* [Problem details]
All of the data goes into your copy exactly as written. Images do not.

* [Recorded information]
----------

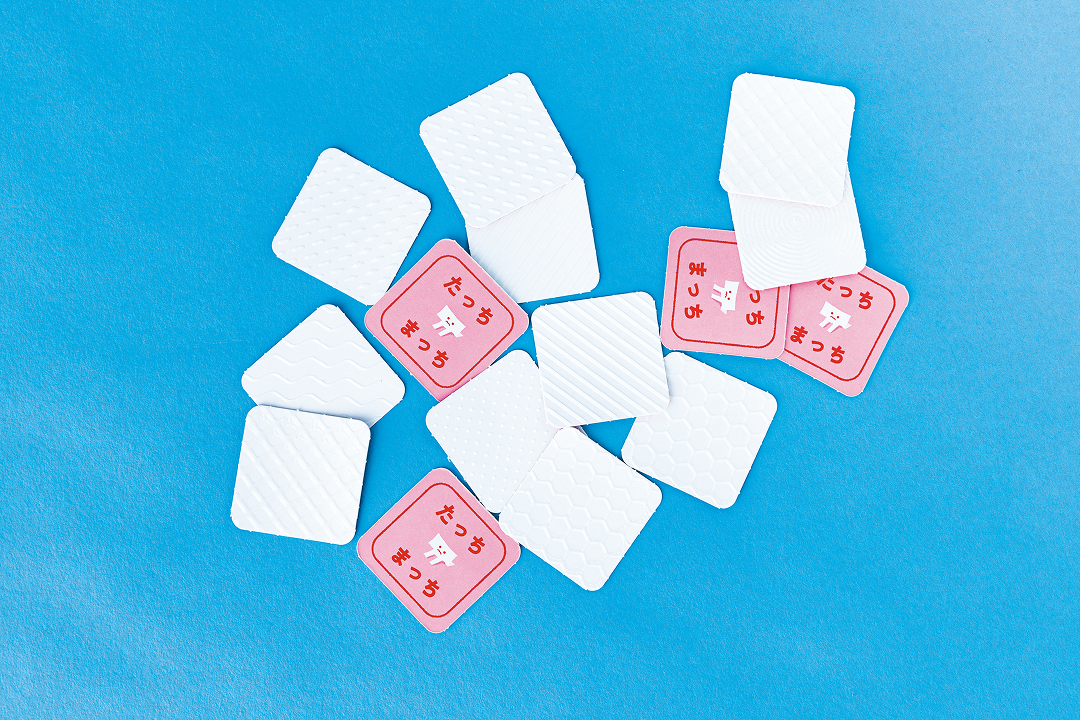 さわり心地の説明役と、見つける役に分かれて、たくさんの触覚クッションの中から、同じ触覚の2つを見つけよう。正解したら+1点、間違えてしまったら-1点。
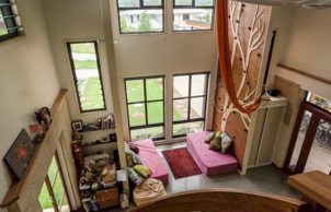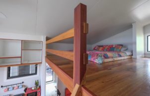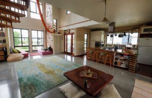 Our family likes to live simple, having less things around the home allows room for creativity and inspiration. The rooms in our home have been designed to be multipurpose. We sleep on Tatami and Futons from Zentai so that they can be easily packed away to transform the space for work, dance or yoga. We don’t have a TV or a couch, instead we have a large rug and cushions so that the open space can be transformed easily into a family room, dining room or entertaining room. We eat at a low, Japanese inspired recycled Jarrah table so that we don’t need chairs. Our house has a Climbing Wall and a Circus Silk so that we can enjoy exercise within our home. We don’t have a laundry room and instead have a laundry closet space.
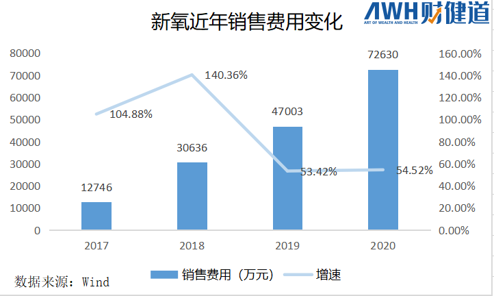 为了进一步“出圈”,新氧做了大规模的品牌投放,在热播综艺《乘风破浪的姐姐》中的植入,令同期站内自然流量大涨228%。但该成绩的价格也十分昂贵,2020年新氧的营销和销售费用为7.26亿元,比去年同期大涨54.5%,占总营收的56%。

----------

* [Solution to the exercise]
 さわり心地の説明役と、見つける役に分かれて、たくさんの触覚クッションの中から、同じ触覚の2つを見つけよう。正解したら+1点、間違えてしまったら-1点。
 Our family likes to live simple, having less things around the home allows room for creativity and inspiration. The rooms in our home have been designed to be multipurpose. We sleep on Tatami and Futons from Zentai so that they can be easily packed away to transform the space for work, dance or yoga. We don’t have a TV or a couch, instead we have a large rug and cushions so that the open space can be transformed easily into a family room, dining room or entertaining room. We eat at a low, Japanese inspired recycled Jarrah table so that we don’t need chairs. Our house has a Climbing Wall and a Circus Silk so that we can enjoy exercise within our home. We don’t have a laundry room and instead have a laundry closet space.
 为了进一步“出圈”,新氧做了大规模的品牌投放,在热播综艺《乘风破浪的姐姐》中的植入,令同期站内自然流量大涨228%。但该成绩的价格也十分昂贵,2020年新氧的营销和销售费用为7.26亿元,比去年同期大涨54.5%,占总营收的56%。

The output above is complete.